Dante entró por la puerta, más pálido que de costumbre y temblando. Saludó a los padres de Brooke, que habían llegado hacía unos instantes y se dirigió rápidamente a nosotras.
- Dan ¿Qué te pasa? – pregunté agarrando su brazo, mientras Brooke se acercaba - ¿Qué tal te ha ido?
- Ah, bien, todo bien – reprochó con desinterés, sin mirarnos directamente a los ojos –
En ese momento fue cuando Brooke y yo, intercambiamos miradas de preocupación. Dante se mostraba algo raro.
- ¿Y vosotras? ¿Por qué queríais que viniese así de urgente?
- Ah, nada – respondió Brooke desenfadada – un latin lover ha aparecido aquí y bueno… supongo que es mejor que subamos a mi habitación, podremos hablar más tranquilos.
- Sí, vamos – aprobé intentando hacerle una seña a Dante, Brooke me había descubierto –
Después del tramo de escaleras, y del pasillo, por fin estábamos en la desordenada habitación de Brookie, sentados cada uno en un rincón mientras ella hablaba sobre lo sucedido.
Lo cierto es que había sido raro, no recordaba casi nada, solo la intrusión de aquel hombre y… y el fatídico momento en el que Brooke me había hecho aquella pregunta.
- Y eso, me ha soltado una perorata de las Cazadoras y los vampiros y todo ese bla bla bla, ya sabes – proseguía Brookie, completamente emocionada, con gestos sobreactuados y ojos desorbitados – Y no lo sé, Dante, es lo que hablaba con Ambie, no sé si creerlo, parecía tan… tan convincente.
Pude comprobar, como Dante luchaba por mantener una expresión de “no tengo ni la menor idea de lo que me hablas”, creyendo que, por supuesto, Samarly no tenía ni idea de lo que él y yo practicábamos.
- Y… ¿Vas a creerte eso? La magia no exi…
- Dan, deja de disimular, sabe mi secreto – contesté sonriendo – el tuyo también claro.
- Ah, que también sabe eso... pues nada, ¡sorpresa! - Dijo irónicamente con una falsa sonrisa en la cara –
- B..bu..bueno – balbucee- no ha sido mi culpa, Dan… ya sabes… el latin lover – acabé con la cabeza gacha y una inocente sonrisa.
- Es cierto – apoyó Brooke – Gil ha sido el que me ha contado que practicabais la magia.
Dante resopló, demasiadas sorpresas en poco tiempo.
- Lo cierto – terminó por pronunciar – es que en algunos libros de magia que he leídos, se menciona brevemente a “Cazadoras” – hizo una pausa – y bueno, coincide con lo que ese hombre dice.

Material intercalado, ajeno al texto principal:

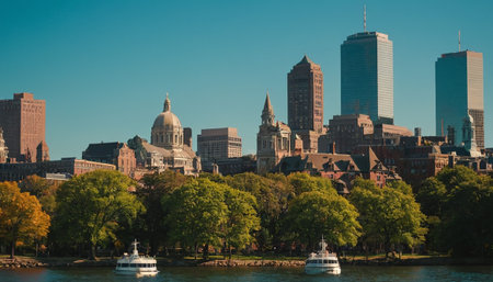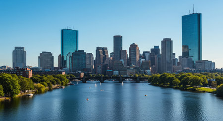A panoramic view of the Boston skyline featuring modern skyscrapers and historic buildings, with boats on the Charles River under a clear blue sky.
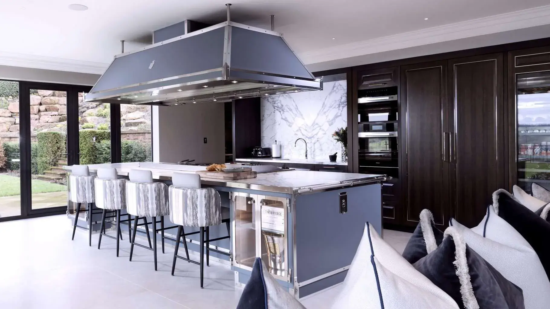 This space features the beautiful Officine Gullo oven range which is incorporated into stained oak cabinetry. We also implemented an oversized feature extractor canopy which hangs proudly above the large kitchen island, adding a wonderful focal point to the room.
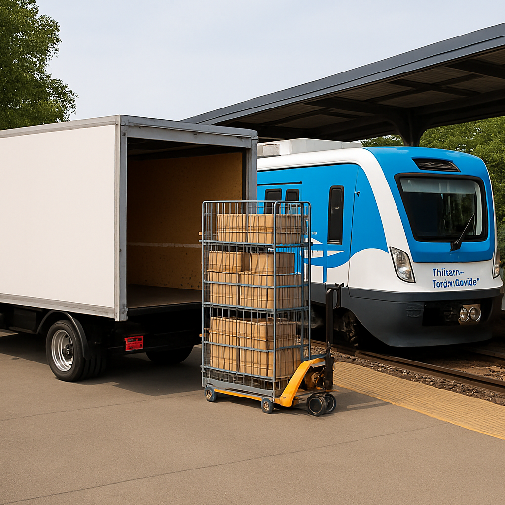 En las estaciones, en un extremo a uno o ambos lados de la franja ferroviaria se deberán desarrollar pequeños espacios de transferencia a móviles de entrega minorista y, cuando el espacio lo permita, también podrán instalarse diferentes operadores de paquetería que podrán realizar los envíos directos al público desde allí.
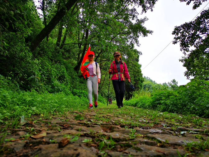 Caminando desde la puerta de Paifang a la puerta de la granja forestal Wulipo, la carretera es un pavimento de piedra de mármol y el ancho solo permite el paso de un solo vehículo, la elevación no es grande, la vegetación a lo largo del camino es muy densa, caminando en medio de la montaña, la vista no es demasiado abierta, ocasionalmente se puede ver la presa del condado de Weishan. Todo el camino caminando, hablando y sonriendo, llegó fácilmente a la puerta de la granja forestal, en este momento el registro de trayectoria es de solo 3 kilómetros.
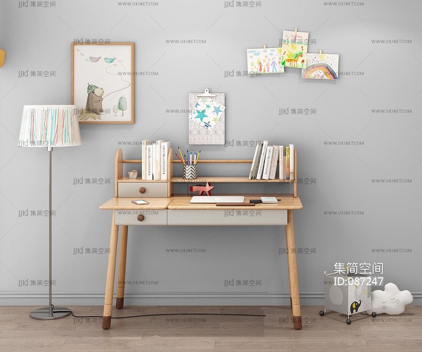 北欧原木儿童书桌 3d模型下载 [模型ID:87247]
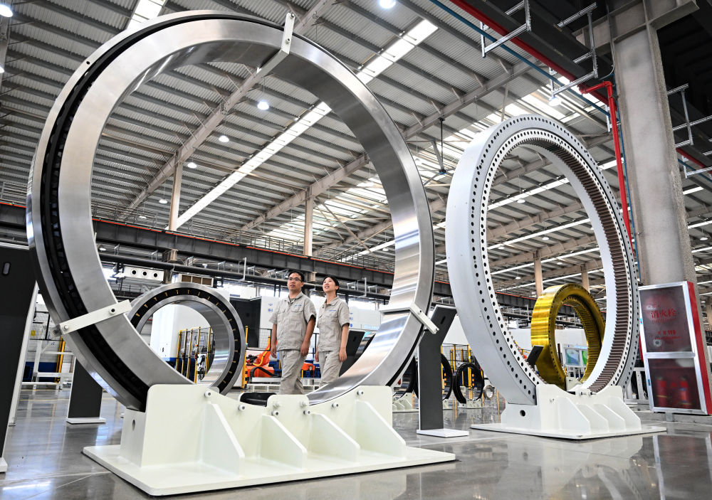 那是一款風(fēng)力發(fā)電主軸承,每轉(zhuǎn)動(dòng)一圈可發(fā)電超34千瓦時(shí)。

- Bueno – bromee- un veinte por ciento más de credibilidad ¿no?
- Sí – afirmó Brooke mientras me dedicaba una sonrisa – pero… ¿Acaso podría yo hacer todo ese trabajo? No he sido nunca fuerte, no sé luchar… No creo que yo sea “La Elegida”, no lo sé…
- Bueno, la verdad es que has logrado mandarme al otro extremo de la habitación de una patada – sentencié – no es por ofender…
- ¿Qué patada? – preguntó Dan, desorientado – No entiendo.
- Da igual. – contestó Brookie quitándole importancia – Pero ¿Es que no podían haber cogido a alguna otra, en plan Aretha Franklin? No digáis que no impone más que yo…
Brotó una carcajada general, y Dante se levantó.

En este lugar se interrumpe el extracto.